Bitte was möchtest du uns sagen?

"lasst den Kormoranen doch ihre Fische"

Hört sich ja süss an. So als wenn da hin und wieder mal nen hübsches schwarzes Vögelchen rüberfliegt und sich ein kleines Rotauge holt und dann für 10 Tage weg ist...

Hat nur mit der Realität nichts zu tun. Wir freuen uns total über die Vögel. Wir zahlen 250 Euro Mitgliedbeitrag für ein Gewässer und alle Fische die unter 1,5 Kg wiegen haben keine Chance. Teilweise werden auch Fische von 2,5 Kg mit Kormoranangriffsspuren gefunden/gerissen/gekeschert. Die hübschen kleinen Vögelchen können wohl nicht immer unterscheiden, ob die Mahlzeit nun passt oder nicht und hauen erstmal drauf.

Bei den Stören kommt das jedenfalls nicht vor.

Und was ist wegen zurücksetzen?
Was sollen wir denn machen?
Innerhalb von einem Jahr den Hecht und Karpfenbestand plattmachen und dann ein leeres Gewässer haben?

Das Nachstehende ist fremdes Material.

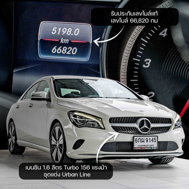 รุ่นรถ : BENZ CLA200 URBAN ปีรถ : 2017 เลขไมล์ : 66,8xx กิโล ทะเบียน : 6กผ9145 กทม.
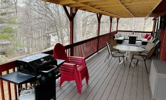 Gas grill available on the back patio deck for outdoor grilling, or grab a glass of wine and sit by the Fire Pit and enjoy the view and take in the mountain air.
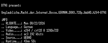 | FiLENAME: | Unglaubliche.Macht.der.Internet.Bosse.GERMAN.DOKU.720p.WebHD.h264-BTVG.mkv |
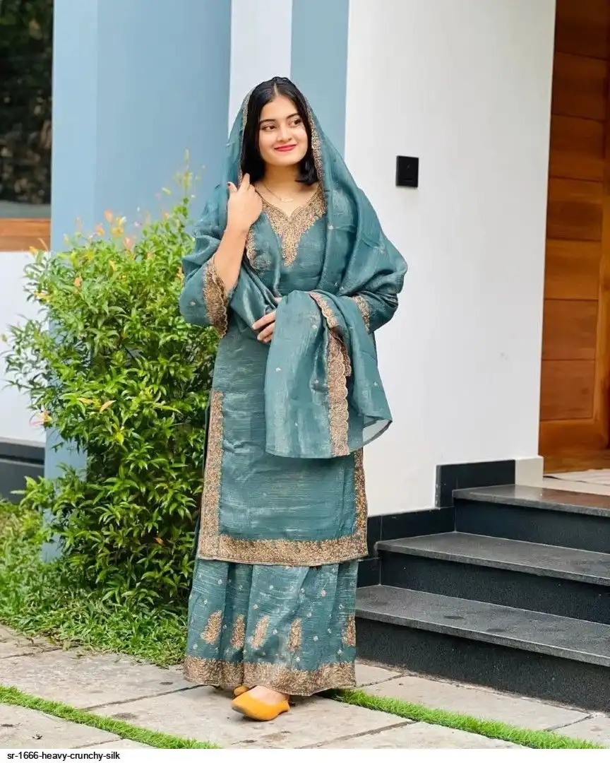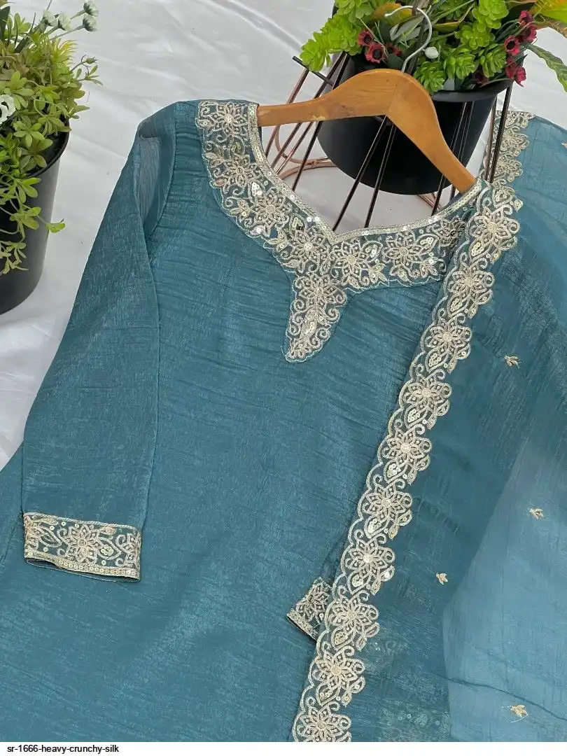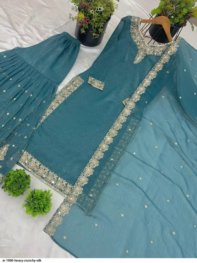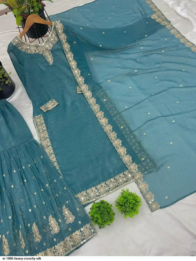 Bottom Fabric:-Heavy Crunchy Silk With Heavy Embroidery-Sequence Work with Elastic( *Full Stiched)
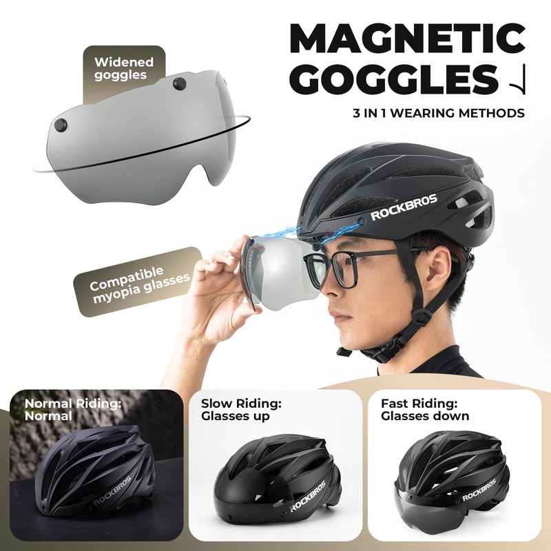 - Magnetic Multi Mode Glasses The helmets are equipped with magnetic goggles, which can be adjusted to three modes: fast mode, slow mode and leisure mode. Each mode allows the glasses to be adjusted to the needs of the rider

Offenbar hast du es nicht verstanden. Deshalb noch einmal.
Wir würden gerne ein funktionierendes Gewässersystem mit den heimischen Fischen in mit einer guten Altersstruktur im Gewässer haben.
Es ist aber einfach nicht möglich. Deshalb werden wir gezwungen solche Fische zu besetzen.


----------



## Allrounder27 (25. August 2012)

*AW: Störe einsetzen*

Teich haben wir seit über nem viertel Jahrhundert. Damals gabs das Kormoranproblem noch nicht so.

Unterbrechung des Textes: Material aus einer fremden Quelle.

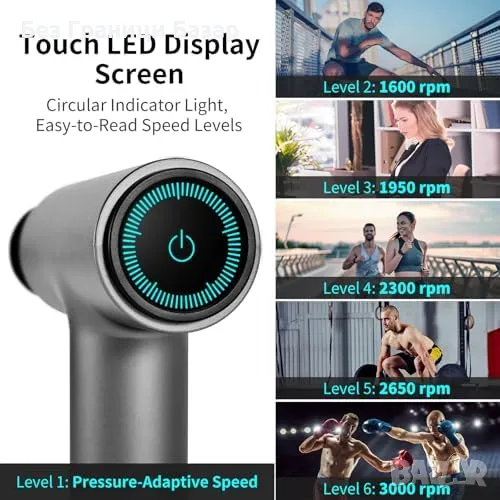 Нов Масажен пистолет arboleaf, 6 скорости, 5 глави за дълбок масаж
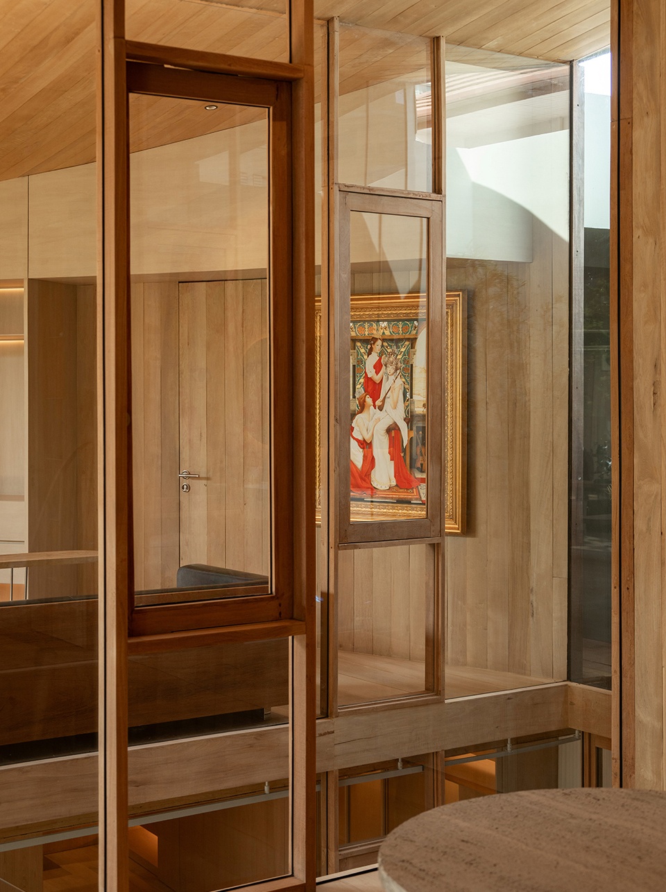 Crossing the threshold, the space expands into the home’s beating heart: the Central Courtyard. Preserving the site’s original trees, the house wraps around nature like a glass vitrine—a “Terrarium” where life flourishes protected. This green core functions as a passive light source, orchestrating a daily performance where sunlight filters through leaves, painting shifting shadows upon the wooden interiors. The atmosphere of the house breathes and transforms with the sun’s angle, creating a different mood for every hour of the day.
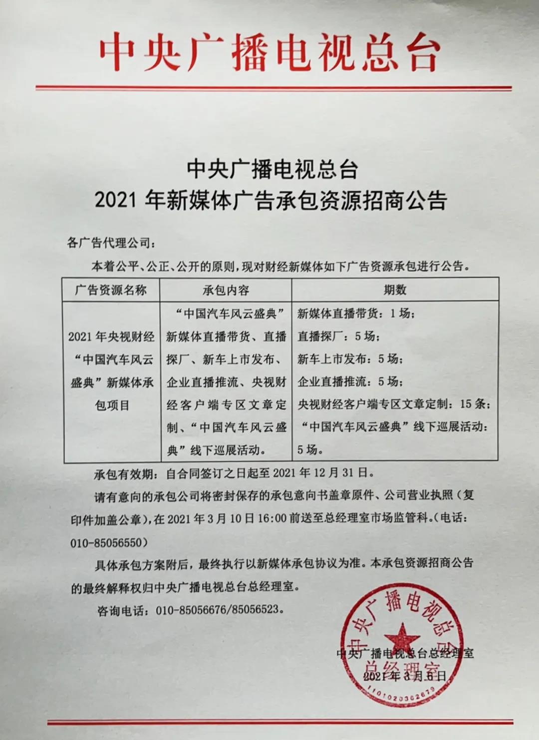 中央广播电视总台2021年新媒体广告承包资源招商公告如下:
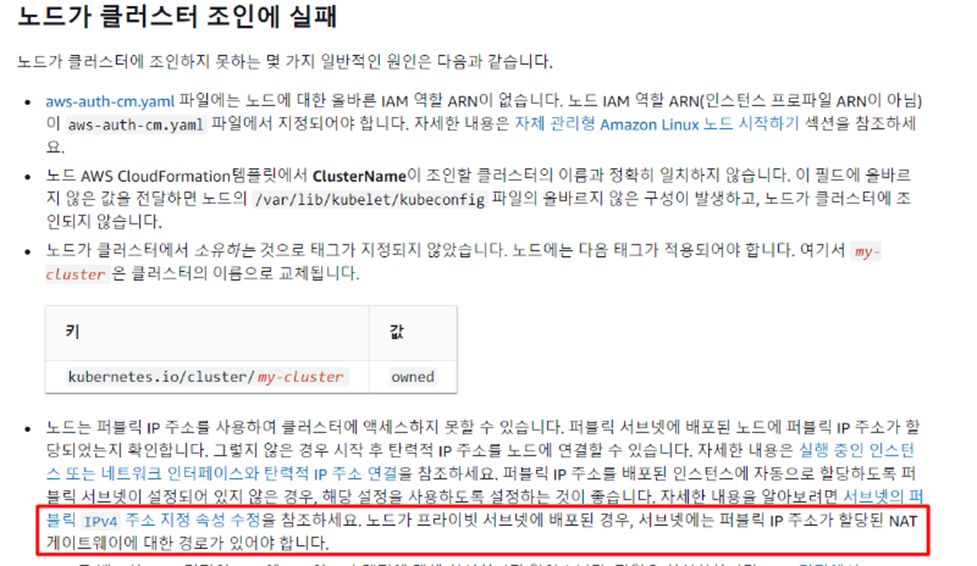 (참고 링크 : https://docs.aws.amazon.com/ko_kr/eks/latest/userguide/troubleshooting.html )

Wenn wir das Kormoranproblem nicht hätten, würden wir es genauso handhaben wie du. Heimische Fische und vorsichtig mit dem Bestand umgehen und sich über ein intaktes Ökosystem erfreuen.

Wir haben übrigens schon grosszügige Schutzbereiche und Laichmöglichkeiten geschaffen, die jedes Jahr einen Haufen Arbeit verursachen.

Schwarzangler haben wir nicht, da ständig Leute am See sind. Wovon dich die Kormorane aber nicht beeindrucken lassen.

Den Seitenhieb mit dem Psychiater kannst du dir sparen. Für sowas sollen Leute schon ne Verwarnung bekommen haben... 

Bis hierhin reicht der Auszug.